Die Verwaltung der Vereinigten Staaten signalisiert eine Lockerung der Jagdregulierungen in Nationalparks, Schutzgebieten und Wildniszonen. Dies geschah auf Anweisung des Staatssekretärs für Inneres Doug Burgum, der mehrere Behörden beauftragte, unnötige administrative und regulatorische Barrieren für Jagd und Fischerei abzuschaffen. Burgum argumentierte, dass die Erleichterung des Zugangs zu diesen Flächen nicht nur den Naturschutz stärkt, sondern auch ländliche Wirtschaften, die öffentliche Gesundheit und den Zugang zu Freilufträumen unterstützt. Die offizielle Linie besagt, dass öffentliche und vom Bund verwaltete Gebiete für Jagd und Fischerei zugänglich sein sollten, es sei denn, es existiert eine spezifische, dokumentierte und rechtlich fundierte Ausnahme.

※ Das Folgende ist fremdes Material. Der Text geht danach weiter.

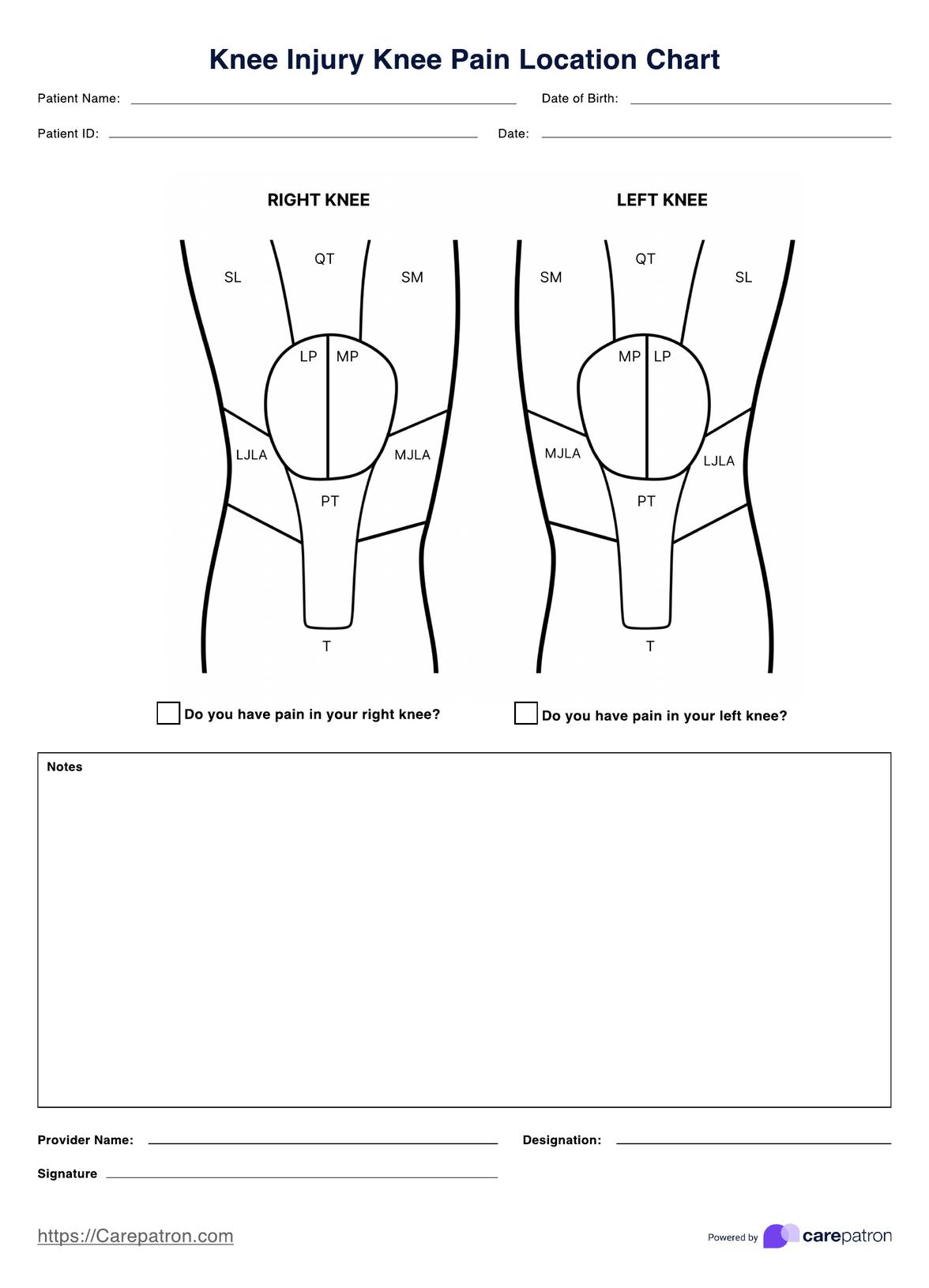 The Back Knee Pain Location Chart can help a person identify the source and severity of their knee pain. Additionally, it can be used to track changes in a patient’s condition over time—both with treatment and without—so that healthcare professionals can better understand the progression of the patient's disease.
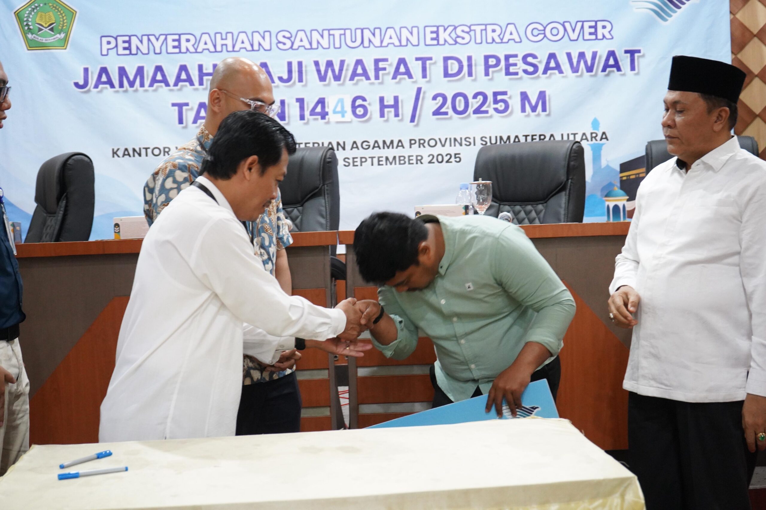 sentralberita | Medan ~ Kementerian Agama dan Garuda Indonesia menunjukkan komitmen perlindungan kepada jemaah haji melalui penyerahan santunan ekstra cover kepada ahli waris Hj. Nurmalis Binti Ujang, jemaah haji asal Kab. Deli Serdang yang tergabung dalam kloter 4 Debarkasi Medan tahun 1446H/2025M yang wafat saat berada dalam penerbangan pulang menuju tanah air.
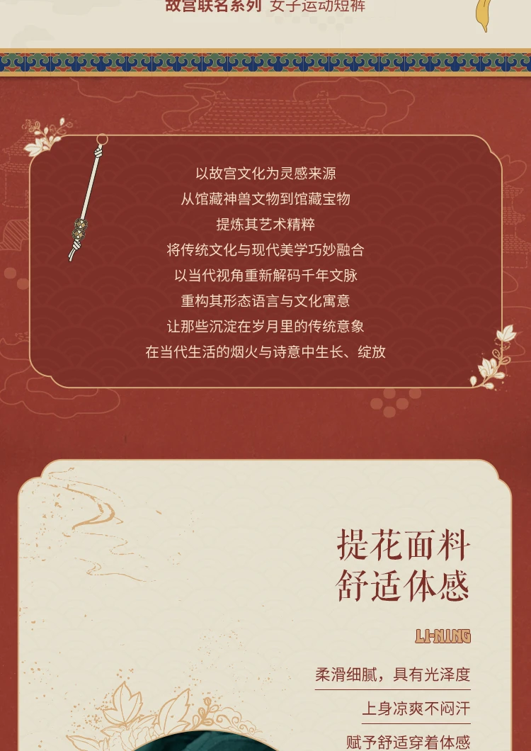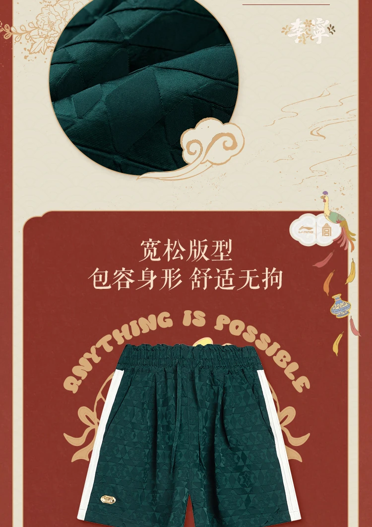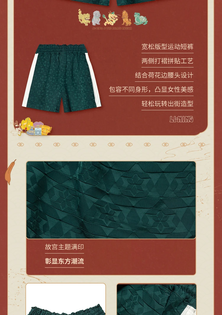 李宁中国文化系列故宫联名女子宽松运动短裤AKSV696
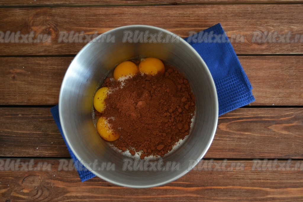 На высокой скорости миксера взбиваем желтки с сахаром и какао в однородную массу. Сахар должен полностью растаять.
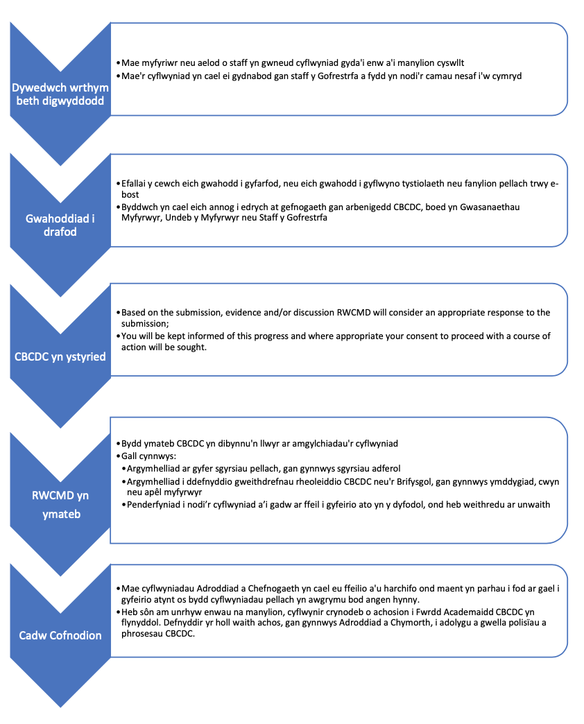 RWCMD siart llif Adrodd a chymorth.png
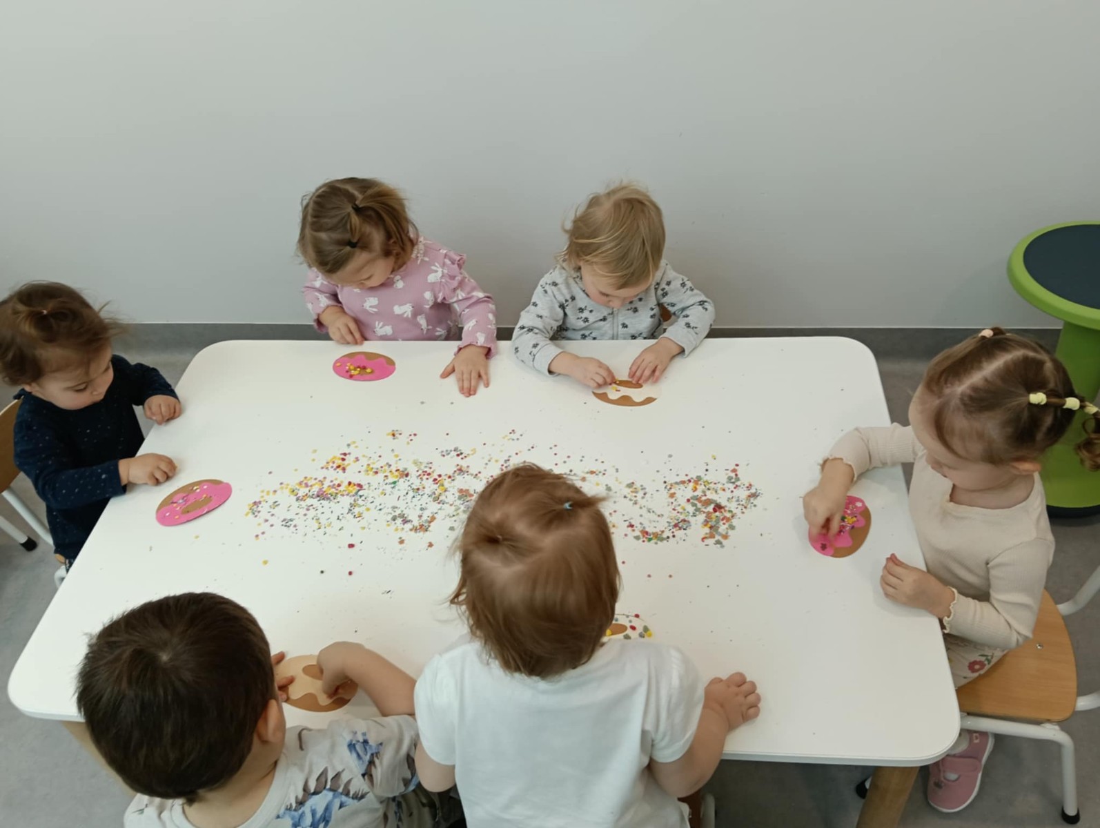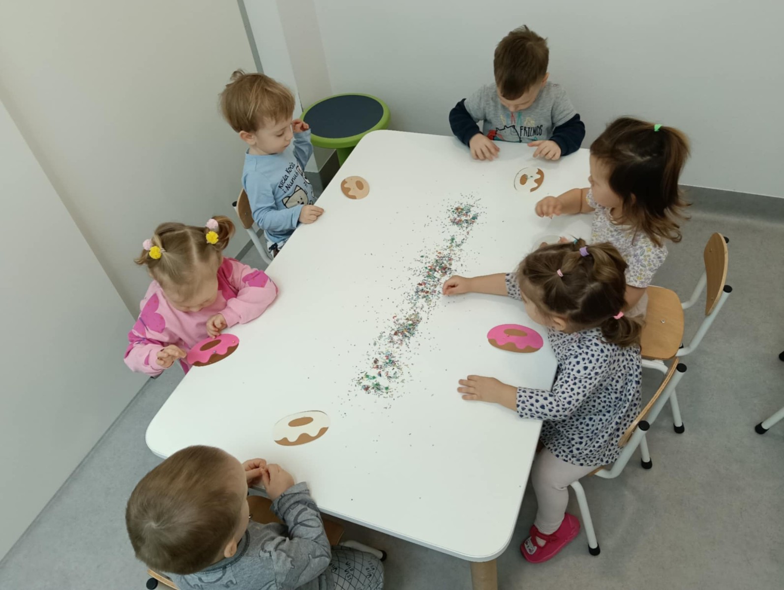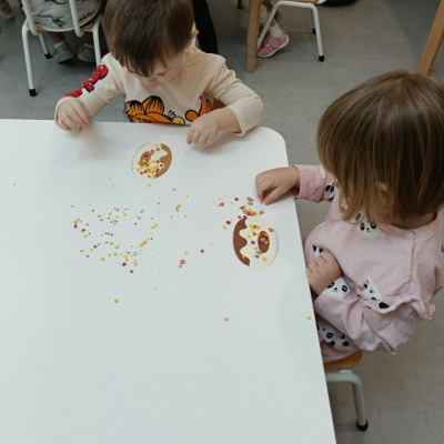 . Na zakończenie Tygryski wykonały pracę plastyczną przy wykorzystaniu szablonu Donata i kolorowych posypek.
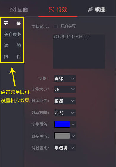 2.设置直播特效与插件
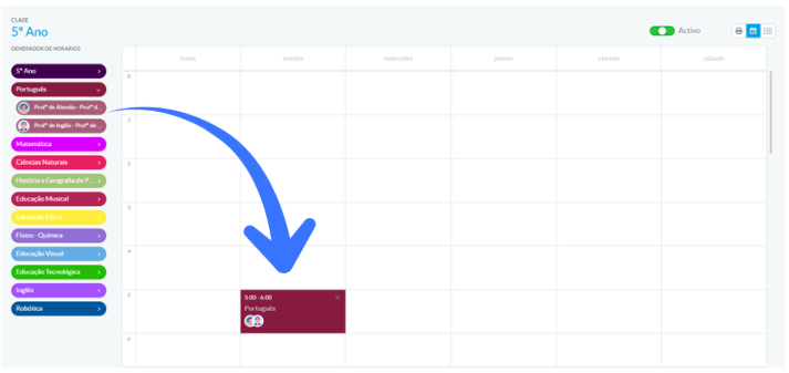 Arrastre al profesor al día y la hora deseados en la cuadrícula de horarios.
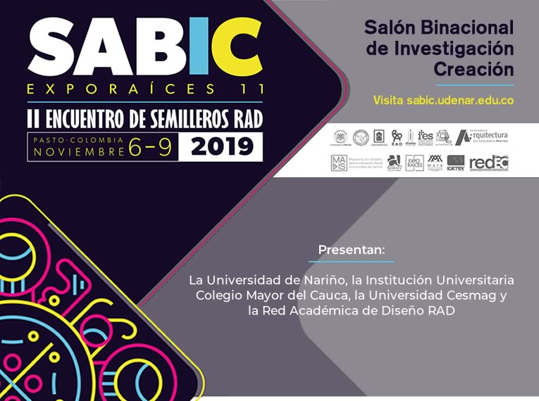 La MADIS, el Grupo de Investigación Artefacto, el Departamento de Diseño, de la Facultad de Artes, en conjunto con la Universidad Cesmag y el Colegio Mayor Del Cauca, invitan al evento científico denominado PRIMER SALÓN BINACIONAL DE INVESTIGACIÓN CREACIÓN (SABIC 2019), que se desarrollará en las instalaciones de la Universidad de Nariño

Diese Anordnung betrifft fünfundfünfzig Standorte in den unteren achtundvierzig Bundesstaaten unter der Zuständigkeit des National Park Service. Lokale Verwalter haben bereits Verbote für Jagdstandorte, die Bäume beschädigen, sowie für das Training von Jagdhunden aufgehoben. Beispiele für die praktischen Änderungen umfassen die Verlängerung der Jagdsaison in Küstenregionen oder die Erlaubnis, Wildtiere in bestimmten Bereichen zu erlegen. Zudem wurde die Möglichkeit geschaffen, Jagd in sanitären Einrichtungen oder die Erlaubnis zur Erlegung von Meerestieren in bestimmten Parks gestattet.
Die Maßnahme erfolgt angesichts eines allgemeinen Rückgangs der Jagdaktivitäten, der durch zunehmende Urbanisierung bedingt ist. Statistiken zeigen, dass nur ein geringer Anteil der Bevölkerung als Jäger zählt, was staatliche Naturschutzbehörden zusätzlich belastet. Die Einnahmen aus Jagd- und Waffensteuern sind dadurch reduziert, was die finanzielle Grundlage für die Verwaltung schwächt. Befürworter der Jagd suchen alternative Wege, um den Sport zu erhalten, beispielsweise durch die Förderung der Jagd bei Frauen und Kindern sowie die Schaffung von Jagdzeiten für weitere Tierarten.
Einige Experten äußerten jedoch Bedenken hinsichtlich der Vorgehensweise. Ein ehemaliger Superintendent des Yellowstone-Nationalparks betonte, dass die Regelungen auf Basis von Konsultationen mit Interessengruppen entstanden seien und eine Änderung ohne umfassende öffentliche Diskussion keinen Sinn mache. Andere kritisierten, dass die neue Anordnung nicht auf wissenschaftlichen Erkenntnissen basiert und die Nutzung öffentlicher Ressourcen beeinträchtigen könne. Dennoch sehen Jagdverbände die Anordnung als einen notwendigen Ausgleich zwischen dem Schutz der Tierwelt und der Wahrung der Outdoor-Traditionen.